Local doctor is a heavy hitter in his field

William A. Peck, M.D.

BY PATRICIA CORRIGAN, SPECIAL TO THE JEWISH LIGHT

In May, Dr. William A. Peck was presented with the William Greenleaf Eliot Society’s Search Award at the organization’s 45th annual dinner. Peck, a professor of medicine and director of the Center for Health Policy at Washington University, was honored for “his 36 years of exceptional leadership, vision and invaluable service.” 

Brushing aside congratulations, Peck, 78, turned the talk to baseball. “Tony La Russa gave the keynote address, and he was magnificent,” Peck said. “I’ve always enjoyed baseball. I told the audience that I became a physician because I couldn’t hit. If I could have — well, who knows?” 

Peck’s scientific contributions include the development of the first method to study directly the structure, function and growth of bone cells; the demonstration of mechanisms that allow hormones to regulate bone cell function; and the examination of the causes of osteoporosis. He has been featured on “The MacNeil/Lehrer Report,” ABC’s “Good Morning America” and “The CBS Morning News.” 

Peck made time recently to talk about his career. 

Were you surprised to receive the Eliot Society’s award?

I do what I am supposed to do, what I enjoy doing. If I make a difference, that’s all the better. 

How did you develop that approach?

It comes from my parents — my mother was a brilliant scholar and my father was a beloved physician — and from all my Jewish relatives. It was a typical credo for Jewish families when I was growing up. 

You were born in New Britain, Conn. Did you always want to be a doctor?

I was trying to play the piano, so I didn’t make up my mind about medicine until I had some first-hand experience. At the age of 17, I ended up in Boston Children’s Hospital with osteomyelitis, a staph infection in the bone marrow. 

How did that experience change you?

In 1950, the hospital was the recipient of kids from other countries who were paralyzed with polio, and their spirits were unbelievable. At the same time, a prominent surgeon there was pioneering a cure for congenital heart disease. Down the hall was a lab figuring out ways to culture the polio virus outside the human body so the virus could be used to prepare a vaccine — and they did it. 

All this happening in one place ignited your passion for medicine? 

Yes. This is what I want to do, I thought then, be in an academic setting where I can make a difference.

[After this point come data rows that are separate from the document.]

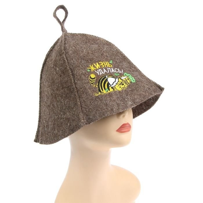 Шапка сшита из войлока с использованием натуральной шерсти — материала, который обладает низкой теплопроводностью. Поэтому она надёжно защитит голову и волосы от жара. Уникальный дизайн, оригинальная форма и надпись порадуют вас и окружающих.
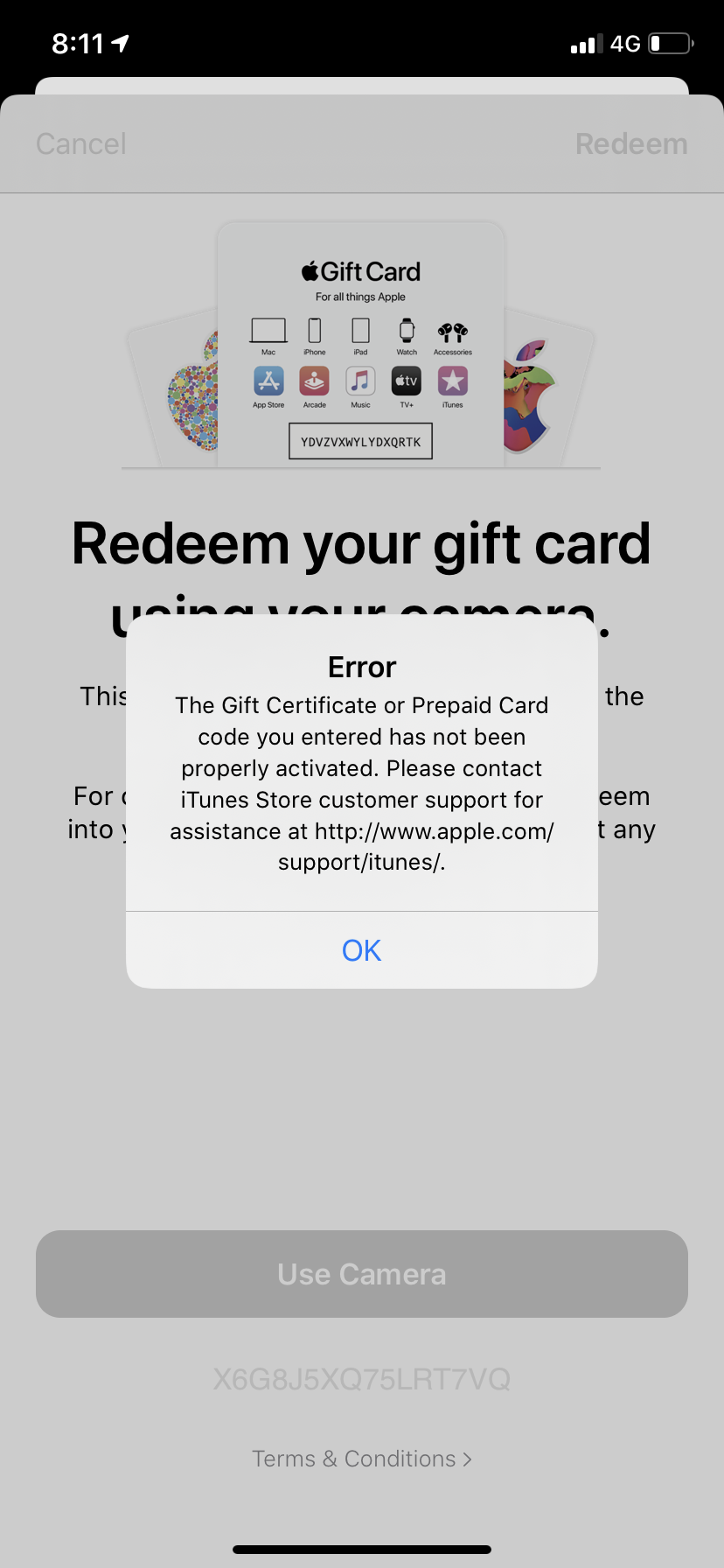 I buy iTunes card through the website, but when I wanted to fill in the account, I could not do that. What is the problem?
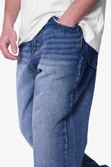 the new Baggy Denim are designed with our new and updated baggy fit, which is relaxed throughout for increased comfort and updated look, and is constructed from 100% 13 oz indigo cotton denim with a medium vintage wash, and finished with traditional five pocket denim details.
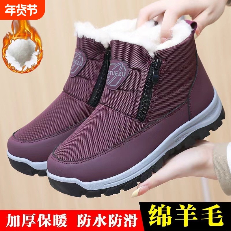 回力老人棉鞋女士冬季加绒加厚中老年保暖雪地靴妈妈鞋子防滑防水
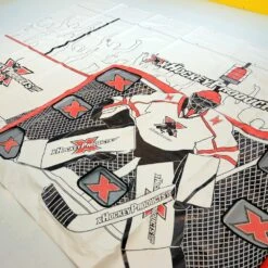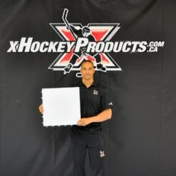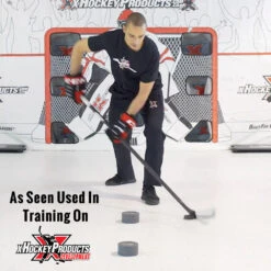 6 pack of orange training pucks in a mesh bag with a drawstring close. 10 oz.
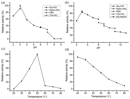 Biochemical characterization of purified LeCho1. (a) Optimal pH of LeCho1. (b) pH stability of LeCho1. (c) Optimal temperature of LeCho1. (d) Thermal stability of LeCho1. The data represent the average of independent assays carried out in triplicate. The error bars indicate the standard deviations.
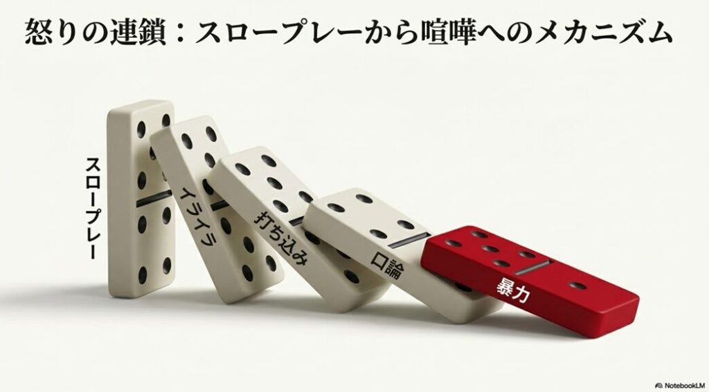 ここでは、なぜスロープレーがこれほどまでに人の感情を逆なでし、時には警察沙汰になるような喧嘩や危険な打ち込み行為にまで発展してしまうのか、その恐ろしいメカニズムとリスクについて深掘りしていきます。
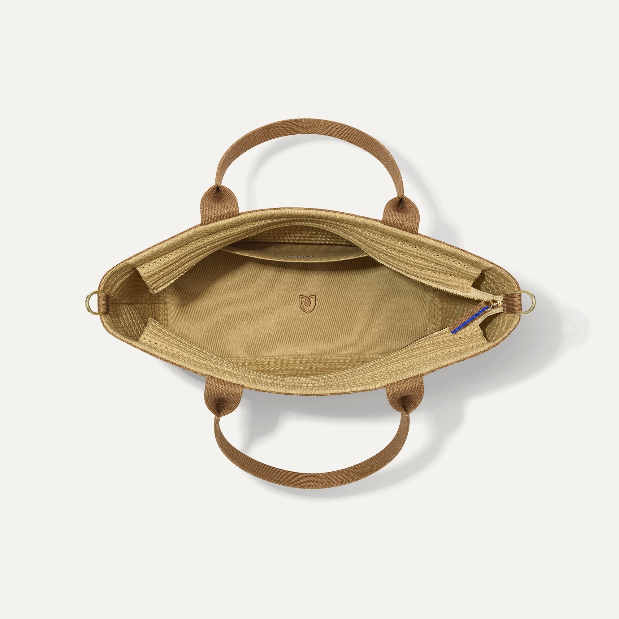 - Durable top handles in warm brown fit comfortably over the shoulder.
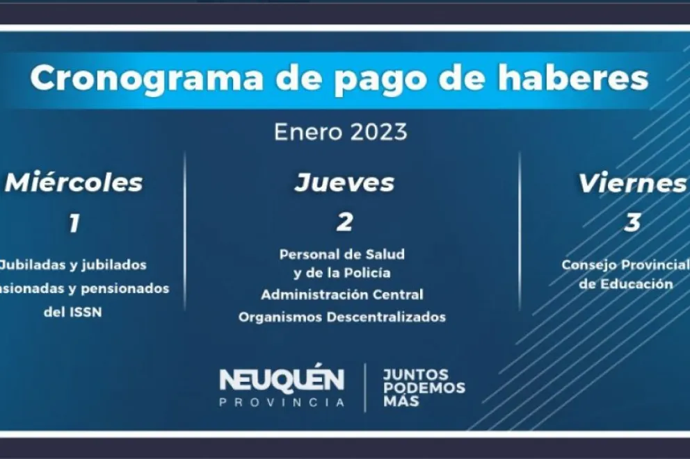 Este miércoles comienza el cronograma de pago de haberes a la administración pública de la provincia. El 1 de febrero cobrarán los sueldos de enero jubilados y pensionados del ISSN; el jueves 2 será el turno de los agentes de Salud, Policía, Administración Central y organismos descentralizados, mientras que el viernes 3 percibirán sus haberes los empleados dependientes del Consejo Provincial de Educación.
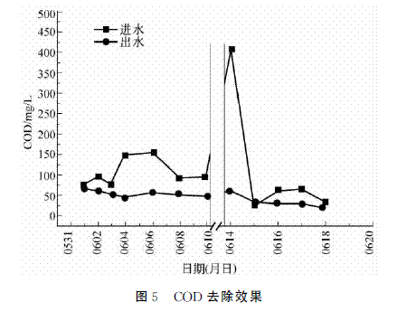 4.4 COD由图5可知,电吸附技术对该原水中的COD也有一定的去除效果。在原水COD为112.3mg/L的情况下,电吸附产水COD平均为46.3mg/L,去除率为58.8%。
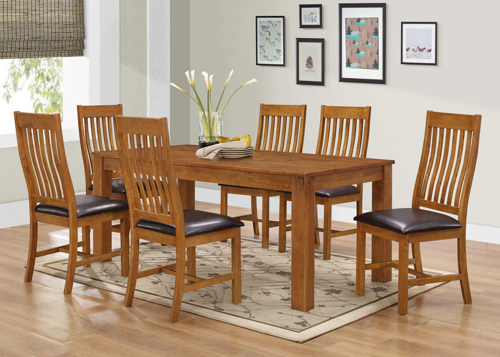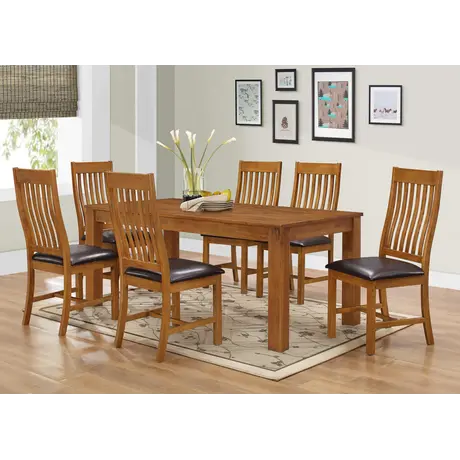 The Adderley Dining Set with 6 Chairs is a sophisticated and practical addition to any dining room. Crafted from solid rubberwood with a warm walnut finish, this set combines durability with timeless elegance.
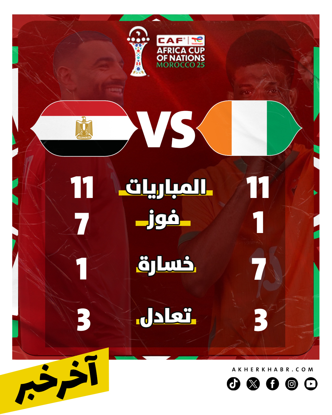 يستعد عشاق كرة القدم لمتابعة مواجهة جديدة بين منتخب مصر وكوت ديفوار المقرر لها السبت المقبل، ضمن منافسات دور الثمانية في بطولة كأس الأمم الأفريقية التى تستضيفها المغرب، حيث تشهد تاريخ اللقاءات بين المنتخبين تفوقًا واضحًا للفراعنة، مما يمنح الفراعنة ثقة كبيرة قبل أي مواجهة قادمة.

You graduated from Harvard, completed medical school at the University of Rochester and then came to Barnes Hospital in 1960, where you completed two years of residency and one year of fellowship. How did it go at Barnes and what did you do next?

I saw the same things going on at Washington University that I had seen at the children’s hospital in Boston, only amplified. Here was my whole universe, and here is where I wanted to work.

I did research for two years at the National Institutes of Health and then returned to Rochester for a while, but I came back in 1976 to Jewish Hospital, eventually serving as a dean, a vice chancellor and president of the Washington University Medical Center. Along the way, I discovered I was not going to be the world’s greatest pianist.

In 2003, you were named director of the Center for Health Policy. What does the Center do? 

We’ve been studying whether employer-sponsored wellness programs are cost effective and whether they work. We also teach, and we participate in national activities in terms of health policy.  And we got involved with the Regional Health Commission here to help organize care for the poor.

What is the biggest health care issue facing this country?

Demand is going to increase as 77 million Baby Boomers enter the hallowed age of the elderly. We have outstanding physicians, great medical schools, hospitals that are well equipped and we lead the world in medical research and pharmaceutical development — but we don’t have universal health insurance. We are not even close.